Bifunctional catalysis by a metal ion and a carboxylate anion in hydrolysis of an alkyl ester and an alkyl amide in dimethyl sulfoxide: A carboxypeptidase a model

Abstract

Kinetics of the hydrolysis of methyl 2-carboxy-6-(2-imidazoleazo)benzoate ( 1) and N,N-dimethyl-2-carboxy-6-(2-imidazoleazo)benzamide ( 2) were investigated in the presence or absence of the Cu(II) or Ni(II) ion in water or in dimethyl sulfoxide (DMSO) containing 5% (v/v) water. In 95% (v/v) DMSO, potassium chloroacetate and chloroacetic acid were used as the buffer species.
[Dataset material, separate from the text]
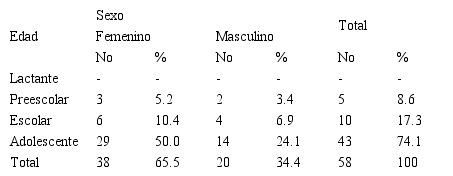 En la Tabla 1, donde se distribuyen por grupos de edades y sexo; teniendo en cuenta la edad podemos observar que la diferencia entre los grupos etarios es significativa, predominando los adolescentes con un número de casos de 43 para un 74.1 %, seguido por los escolares 10 (17.3 %) y los preescolares con 5 (8.6 %), no encontrándose lactantes en este estudio. En cuanto a la variable sexo predominó el masculino con 38 (65.5 %).

Potentiometric and spectral titration of chloroacetic acid, 1, M(II) 1 (metal-complexed 1), 2, and M(II) 2 in 95% (v/v) DMSO indicated that the carboxyl groups of M(II) 1 and M(II) 2 ionize almost fully over the pH range examined and that the imidazolyl NH groups of M(II) 1 and M(II) 2 are nearly as acidic as chloroacetic acid. The kinetic data obtained for the hydrolysis of Ni(II) 1 and Cu(II) 2 in 95% (v/v) DMSO revealed that the ester and the amide bonds are readily hydrolyzed through the catalytic action of the bivalent metal ion and the anionic form, instead of the acid form, of the carboxyl group. The cooperative catalytic action of the carboxylate anion and the metal ion in the hydrolysis of alkyl ester and alkyl amide bonds, which is characteristic of carboxypeptidase A action, is achieved with 1 and 2 by using 95% (v/v) DMSO as the reaction medium. Mechanisms of the model reactions are analyzed, and implications of the present results on the mechanism of carboxypeptidase A are discussed.